Abrí los ojos y miré las, ya bien conocidas, grietas del techo que parecían una maldita serpiente cambiando de piel.

Las mismas sombras proyectadas por la bombilla del apartamento que ya había cuando me instalé; parecía ser el único objeto que seguía haciendo su trabajo correctamente, a pesar de estar colgando por dos cables negros que salían de un agujero más grande del techo; en un apaño, con un trozo de hilo y cinta, que sólo acumulaba polvo y telarañas.

Me giré, tumbado en un colchón que ni se podría denominar cama.

El piso no era más ancho que tres metros por cuatro y un baño contiguo, de medidas mucho más reducidas. Lo justo y necesario para vivir, aunque tenía que bajar a comer por cualquier bar cercano.

El dinero no era el problema. No me retiraron el sueldo. Debería estar con una estúpida sonrisa en la cara, pero no me hacía ni puta gracia que me apartasen. Y muchísimo menos ahora.

Suspiré y me senté en la cama.
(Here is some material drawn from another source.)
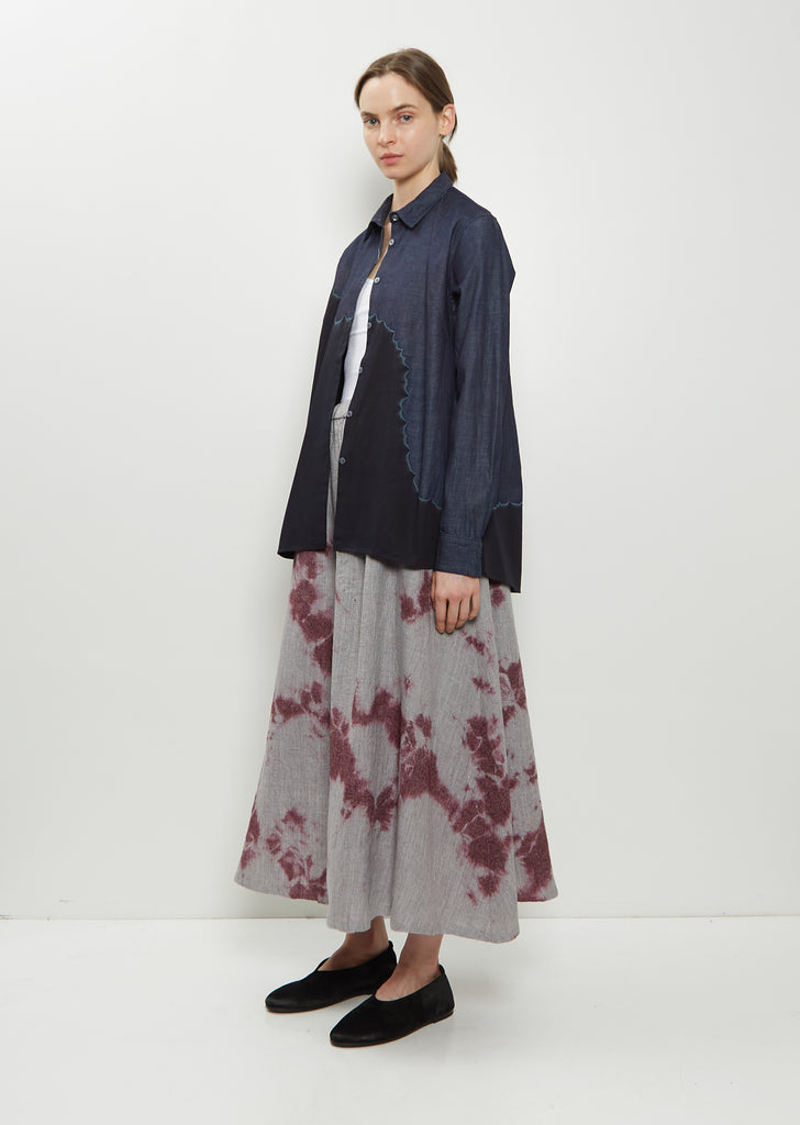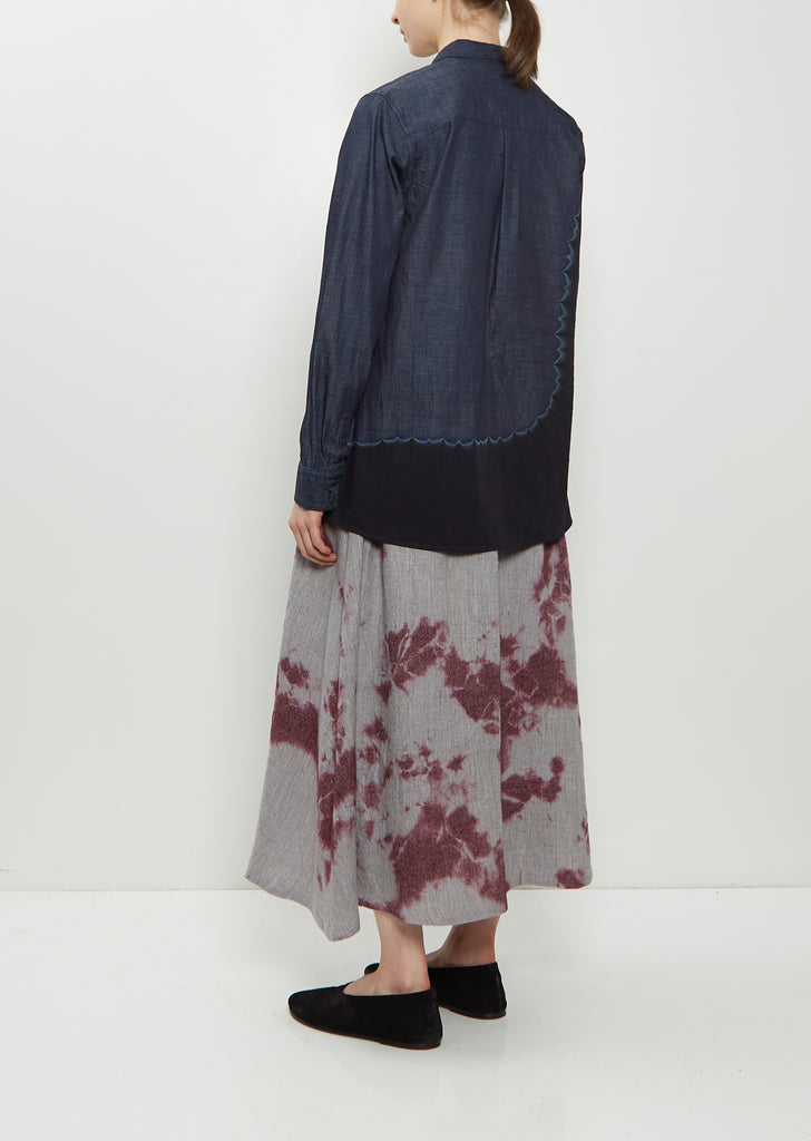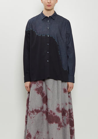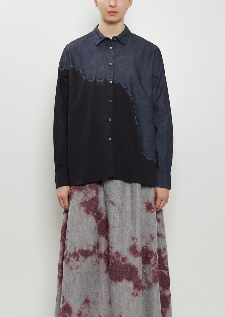 Suzusan black and indigo blouse with a classic collar and tonal button front in lightweight cotton denim with a traditional Shibori pattern. Features buttoned cuffs and a box pleat at back yoke.

Estaba en boxers, me froté el pelaje de las patas y me apreté tanto el hocico como pude en un vano intento de despertar de algo que no fuese la realidad.

Me levanté y me miré en el espejo que había encima del escritorio, improvisado de un viejo aparador de madera oscura.
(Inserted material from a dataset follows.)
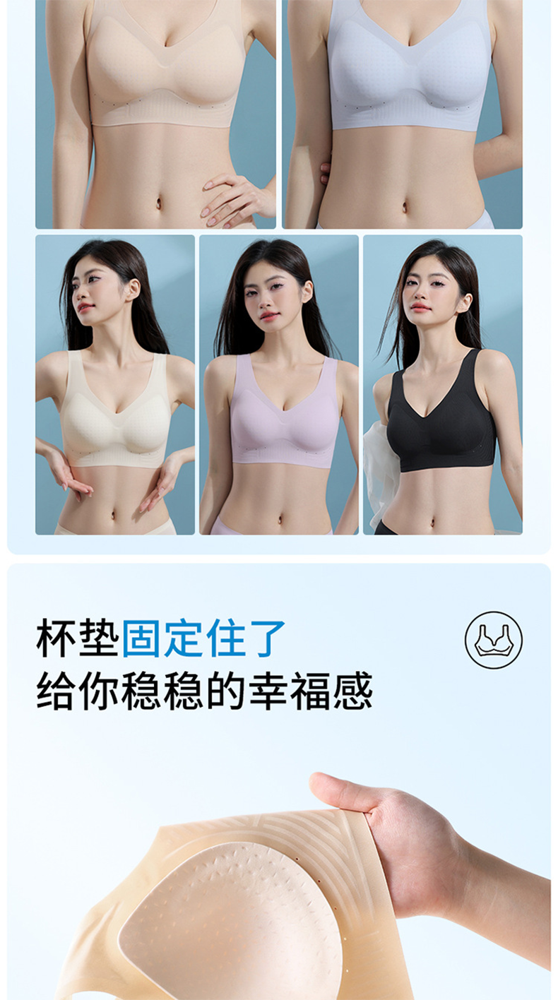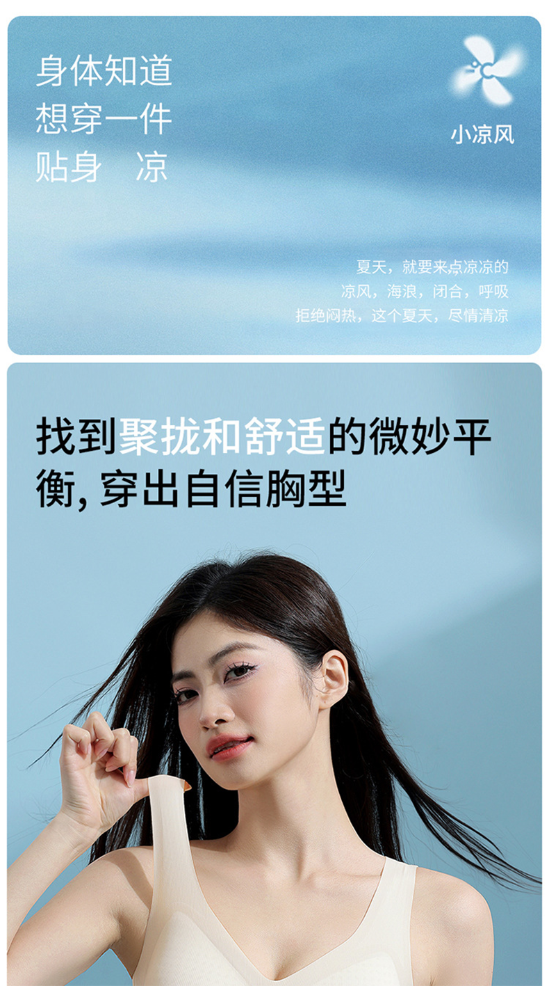 【39元1件】固定杯夏季薄款内衣女背心式文胸无痕无钢圈夏天冰丝超薄女士胸罩-1226

      "Soy un sergal una raza distinta a las habituales.

      Soy similar a los mamíferos, mi nariz es delgada y puntiaguda como la de un tiburón. Los dedos, similares a los de un roedor, patas de canguro, el cuello, pecho y torso con un pelaje más largo que el resto del cuerpo, culminando en unas orejas parecidas a las de un zorro, aunque son una mata de pelo puntiagudo del que no se puede ver el oído. Mi pelaje largo es negro, mientras que el superficial es blanco. Aunque, por motivos personales decidí teñir algunos mechones de rojo. Pero ya poco se nota de eso. 

      No estoy bien como para preocuparme de mi aspecto.
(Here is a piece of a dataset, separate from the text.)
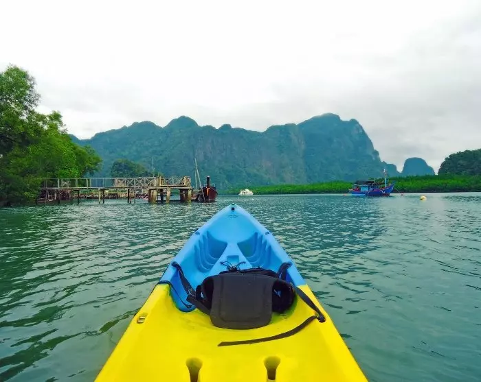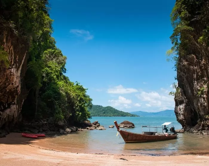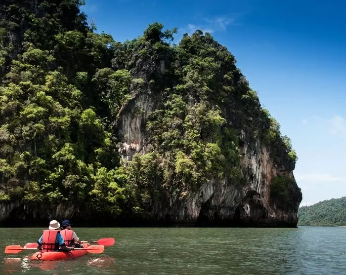 Videre med piskerisbåd besøger du øerne Koh Aung og Koh Talabeng med ikoniske kalkstensklipper og billedskønne bugter. Ved Koh Talabeng venter en uforglemmelig kajaktur rundt om øen, hvor du oplever dens uberørte natur, storslåede kalkstensklipper og fascinerende grotter.
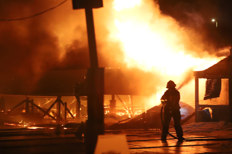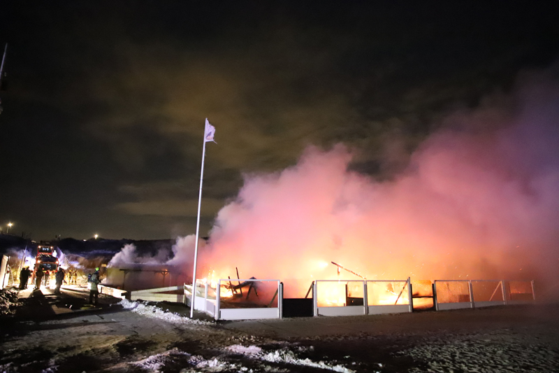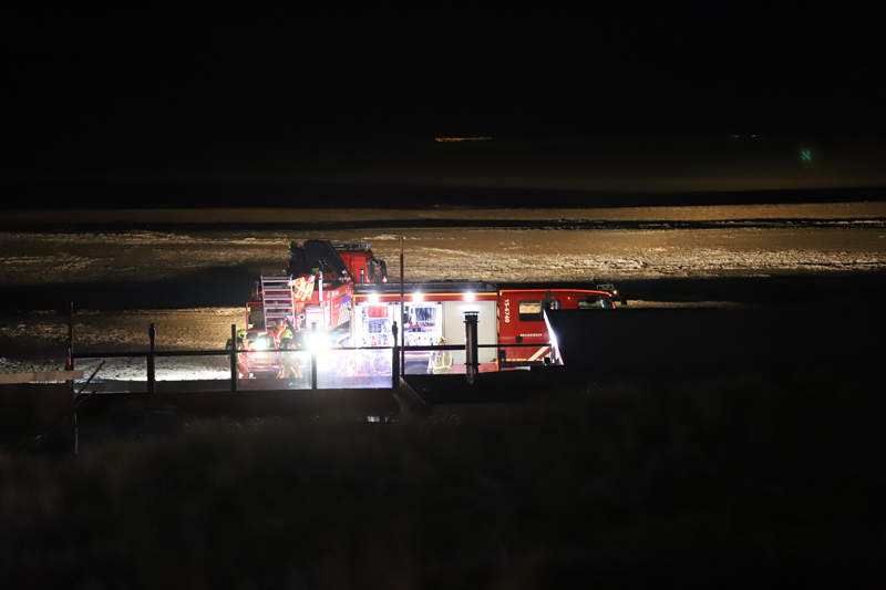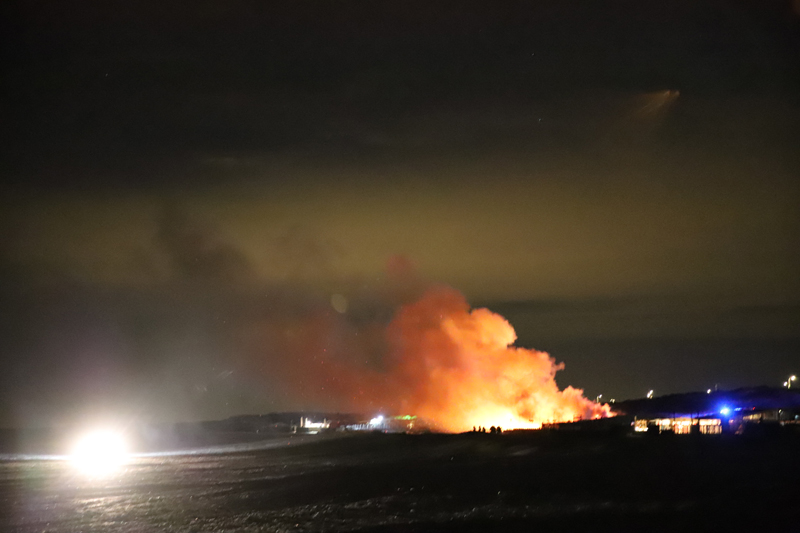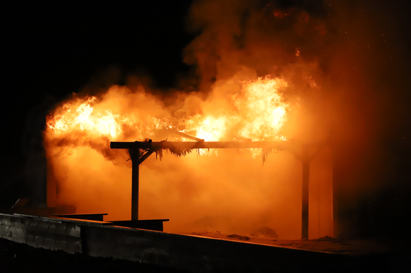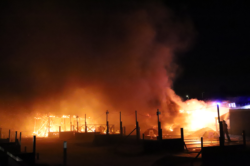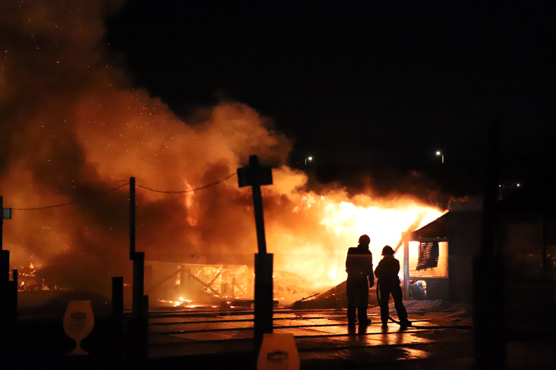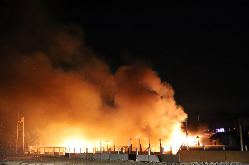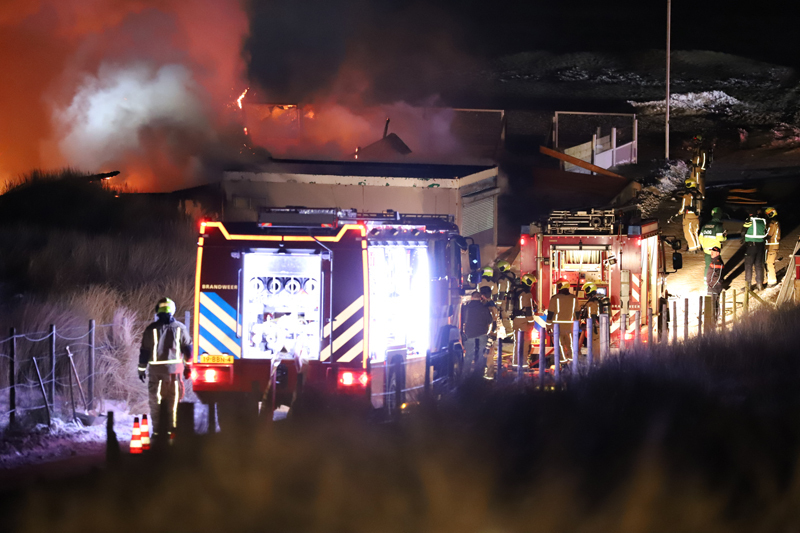 Ter plaatse bleek er een flinke uitslaande brand te zijn in een strandpaviljoen. Een kwartier na de eerste alarmering schaalde de brandweer op naar het sein ‘Grote Brand’, extra brandweer eenheden rukte met spoed uit.

      Todo esto me otorga el respeto de los míos y el odio del resto"

Pensaba mientras me tocaba la cicatriz vertical del ojo derecho y sonreía en una laguna de decepción, ironía y lastima.

Me apoyé en el aparador y miré la fotografía que se tapaba parcialmente por las llaves del vehículo.

Me acerqué a la única silla del piso, que se mantenía echada contra el pomo de la puerta. En su regazo, estaba la ropa de camuflaje.

Me vestí con los pantalones cortos, la camiseta de patrón liso y el chaleco negro. Me puse el cinturón y deje la silla en el pequeño hueco detrás de la puerta.

Me miré de nuevo en el espejo.

"Ahora es su turno, inspector"

Esa frase del viejo Siph, al entregarme la placa de su uniforme, me quedará grabada. Al principio era un honor para mi, ahora solo se repite como una constante y jodida burla.

Recogí las llaves y metí la fotografía en uno de los bolsillos del chaleco. Luego añadí al cinturón la Heckler que se encontraba en el primer cajón del aparador enterrada entre papeles, cajetillas de tabaco y mucha más basura.

Luego de abrir el otro cajón y añadí el resto de cosas; los dos cargadores, el taser, el cuchillo, el busca, el gps, la cartera y el móvil... Hacía que los bolsillos del chaleco abultasen y fuese más incómodo de llevar pero valía la pena.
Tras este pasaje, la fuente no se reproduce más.